From the very first line of the data to the line containing "The seven-port AXAGON", retype everything exactly, leaving the pictures behind.

┌─ DATA SEGMENT

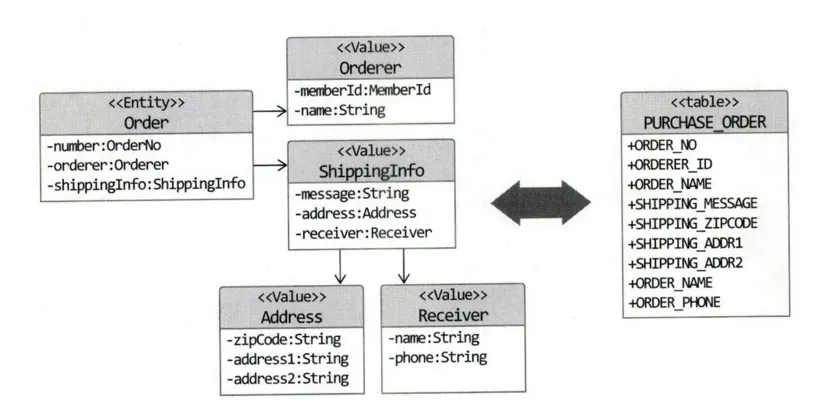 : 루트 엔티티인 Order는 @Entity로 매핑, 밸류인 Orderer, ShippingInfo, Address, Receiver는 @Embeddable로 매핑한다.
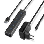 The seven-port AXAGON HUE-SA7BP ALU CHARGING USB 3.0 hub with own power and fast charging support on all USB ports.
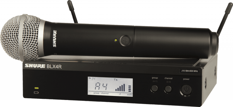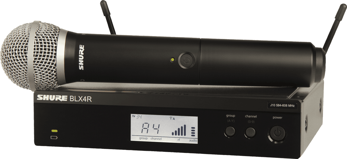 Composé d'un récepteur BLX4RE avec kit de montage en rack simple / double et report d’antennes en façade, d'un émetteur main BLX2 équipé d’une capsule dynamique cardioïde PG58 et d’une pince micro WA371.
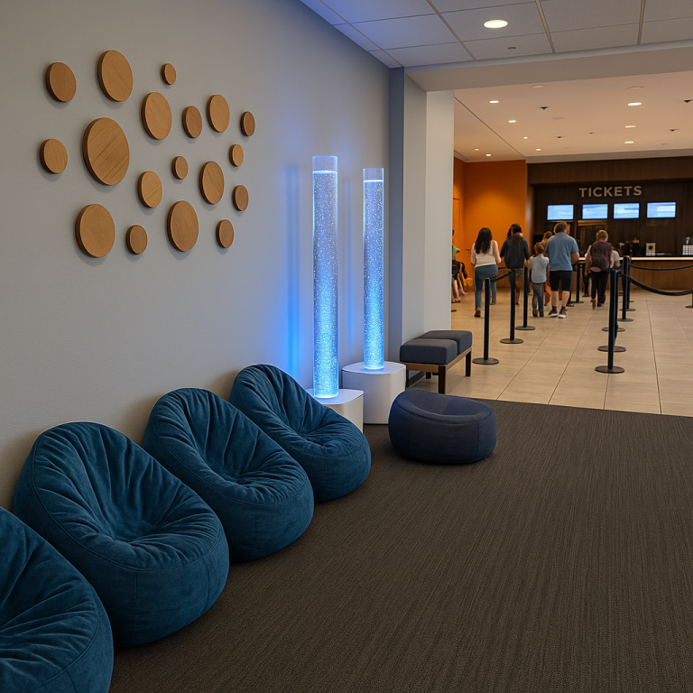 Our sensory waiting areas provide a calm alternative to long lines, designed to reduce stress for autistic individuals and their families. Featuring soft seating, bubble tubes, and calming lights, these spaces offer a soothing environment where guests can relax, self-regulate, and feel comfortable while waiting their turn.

└─

### EXERCISE RESULT
 : 루트 엔티티인 Order는 @Entity로 매핑, 밸류인 Orderer, ShippingInfo, Address, Receiver는 @Embeddable로 매핑한다.
 The seven-port AXAGON HUE-SA7BP ALU CHARGING USB 3.0 hub with own power and fast charging support on all USB ports.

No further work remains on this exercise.